Wednesday, December 3, 2025

A season of memories

 In my regular Wednesday meeting, on Thanksgiving eve, I found myself misty as I thought about Thanksgiving, 1985 sitting across from my mother at the holiday table.  At that point, I'd recently signed myself out of a hospital treatment program, and my brother had ratted me out to Mom, i.e. the true extent of what I'd been doing to myself. With tears in her eyes, she looked at me and said, "I just don't understand." 

Forward to Thanksgiving, 1986 and I sat at the same table, this time with nearly 11 months sobriety, a new friend from treatment there, as well as "Boxcar Leonard," the old-timer who was such an inspiration with his "Will power will not keep you sober, but want power will" refrain. What an amazingly huge difference in such a short period of time.
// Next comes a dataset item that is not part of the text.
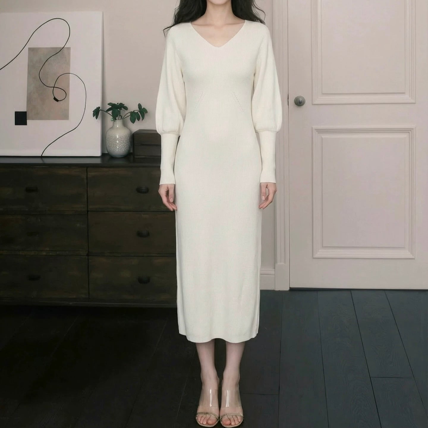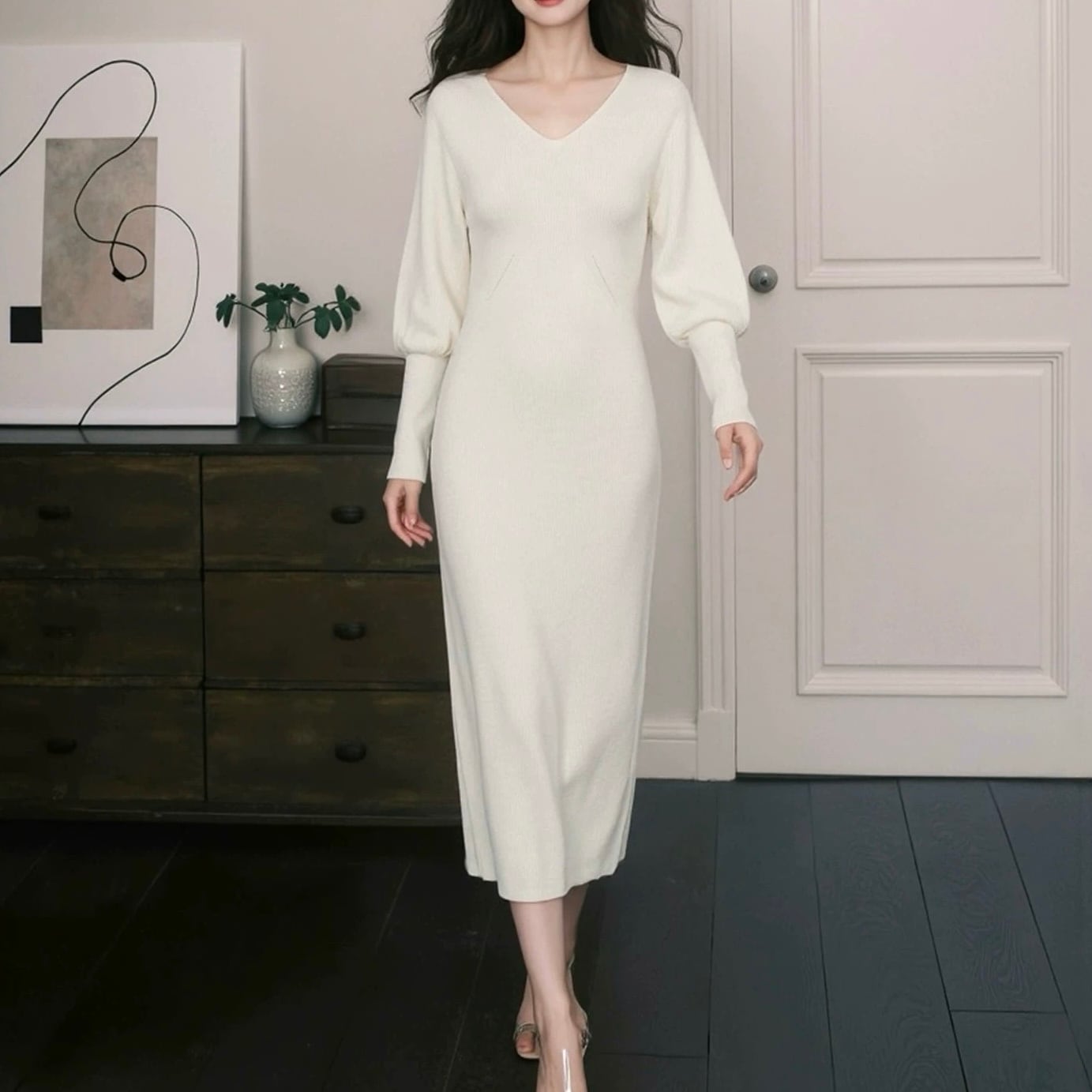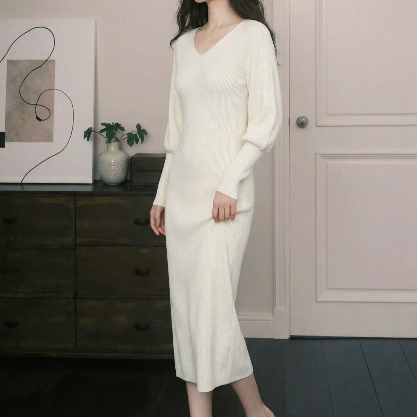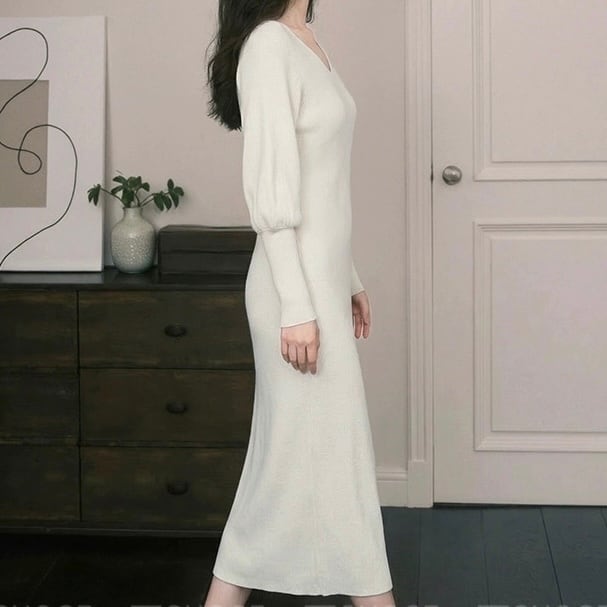 Vネックがデコルテを美しく見せてくれる、長袖ニットワンピース。

I am one of the fortunate ones who took to this thing, and connected with others who felt the same. 

I was in a good Alanon meeting this week on the topic of choices. In the moment, I don't always recognize that I have a choice to respond (or not) rather than react. I am beyond grateful that we don't have active alcoholism in our lives today, and there can be a fair amount of "ism's" floating around, especially in this busy time of year when something as simple as going to the grocery store takes on a frenzy with increased traffic on the roads and people in the aisles. Always, always my HALTs come in to play. I had a boss once who said that when someone was on her last nerve, she pretended she was watching a TV show - a bad comedy perhaps - to help her detach from her reaction. "How important is it?" is my current favorite slogan.

My sister-in-law passed this weekend, with my brother breathing a sigh of relief, aware that a new chapter begins. I'm feeling sad, and a bit weepy. We really were not close, and she was part of the family for 40-plus years, my brother's wife. I cry for his loss. I cry for the loss of another family member. I cry for all those who are no longer here, those who are my history, the seeming-stability of those around the holiday table, the laughter shared, good meals (she was an excellent cook). Each new loss tends to connect to all previous losses, even if just for a minute. And, I know what grief feels like. I know about the business end of death, with forms and phone calls to be made. And I know about that quiet place that now feels both empty and full. 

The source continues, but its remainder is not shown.